For more information:
Scott Mulford: Office:(217) 698-8500
Cell: (217) 622-8988
Email:

Statement of Bishop Thomas John Paprocki
Correcting a Recent Article in the State Journal-Register

SPRINGFIELD – In what is becoming a predictable routine, correspondent Steven Spearie writes an article for the State Journal-Register in which he misquotes and distorts my views, then I have to write a correction and clarification to set the record straight. So here I am again.        

Let’s start with the headline. The print edition of the State Journal-Register on Monday, Oct. 10, 2016, said, “Paprocki to Catholics: May be best to not vote.” I never said that. The online edition says, “Bishop: Might be best for some Catholics to skip voting for president.” I never said that either, although it is a bit closer to what I actually did say.

In my column in the Oct. 2 edition of our diocesan newspaper, Catholic Times, what I actually said was, with reference to the upcoming presidential election, “Voters may also legitimately conclude in conscience that they cannot vote for either candidate of the two major political parties.” There is a big difference between saying that something is permissible and saying that it is the best thing to do. There is also a big difference between saying it is legitimate not to vote for either of the two main candidates and saying that one should not vote at all. In fact, I quoted the U.S. Bishops and the Catechism of the Catholic Church, saying that “participation in political life is a moral obligation” and “As far as possible citizens should take an active part in public life.”          

Mr. Spearie then asserts that I said “some Catholics may want to consider the ‘Benedict Option,’” which “allows them to ‘opt out of participation in political life.’” I never said that Catholics “may want to consider” this option and in fact I did not endorse it. I was simply describing what some people were saying and added that others “have suggested something more engaged with the world, such as a Dominican Option, a Franciscan Option or a Norbertine Option.” Mr. Spearie did not mention this nor did he give my conclusion, which was, “In the end, however, we really do not need to choose Benedict, Dominic, Francis, Norbert or any other saint after which to name a new option ... . The real figure to whom we should configure ourselves is Jesus Christ. Moreover, Jesus Christ is not an option in the sense of being optional. He is the Way, the Truth and the Life.”

Another usual tactic of Mr. Spearie is to seek out some experts to comment on things that I never said. In this regard, Mr. Spearie interviewed Gregory Foster, a writer and visiting assistant professor of faith and culture at Trinity International University. According to Spearie, “Foster said that voters should have more choices than simply ‘opting out,’ choices he doesn’t see Paprocki presenting.” Obviously Professor Foster did not read what I actually wrote and Mr.

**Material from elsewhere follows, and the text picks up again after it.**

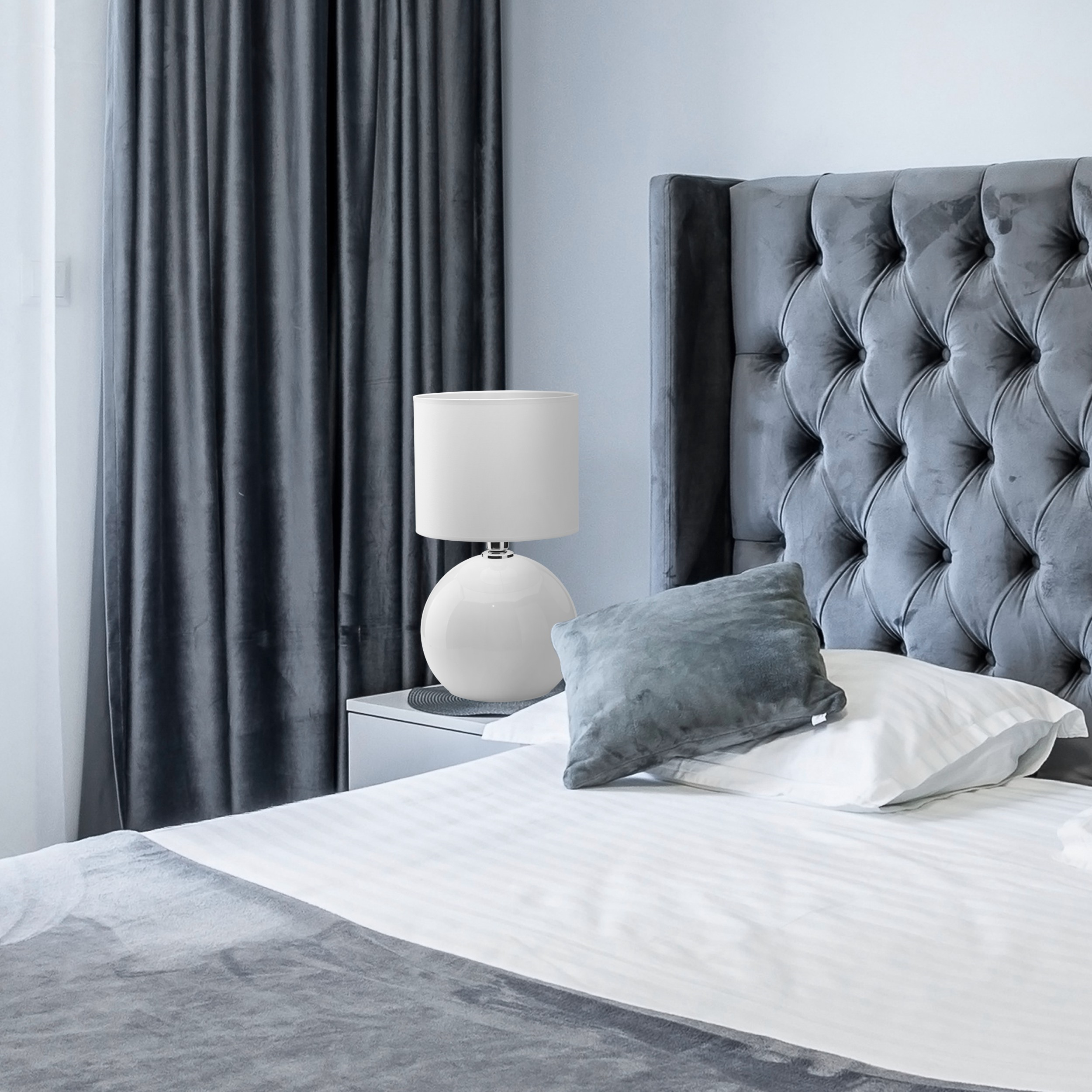 Baza elegantă din sticlă combinată cu un abajur minimalist din material textil formează un ansamblu armonios.

Spearie did not tell him that I wrote that “voters in most jurisdictions can write in the name of a candidate of their choosing. In all cases, voters can skip voting for a particular office, but still vote for other offices on the ballot.”

Mr. Spearie also wrote that I “declined to be interviewed” for his article. While we did not do a face-to-face interview, since I do not trust Mr. Spearie to represent my views fairly and accurately, I did provide written information through my spokesperson to his questions by e-mail. One would have thought that a journalist could get the story right based on the written text of what I actually wrote. Rather than rely on Mr. Spearie’s inaccurate representations of my views, I encourage readers to read the original text of my column in my own words in Catholic Times, available online at http://ct.dio.org/bishops-column/messages.html.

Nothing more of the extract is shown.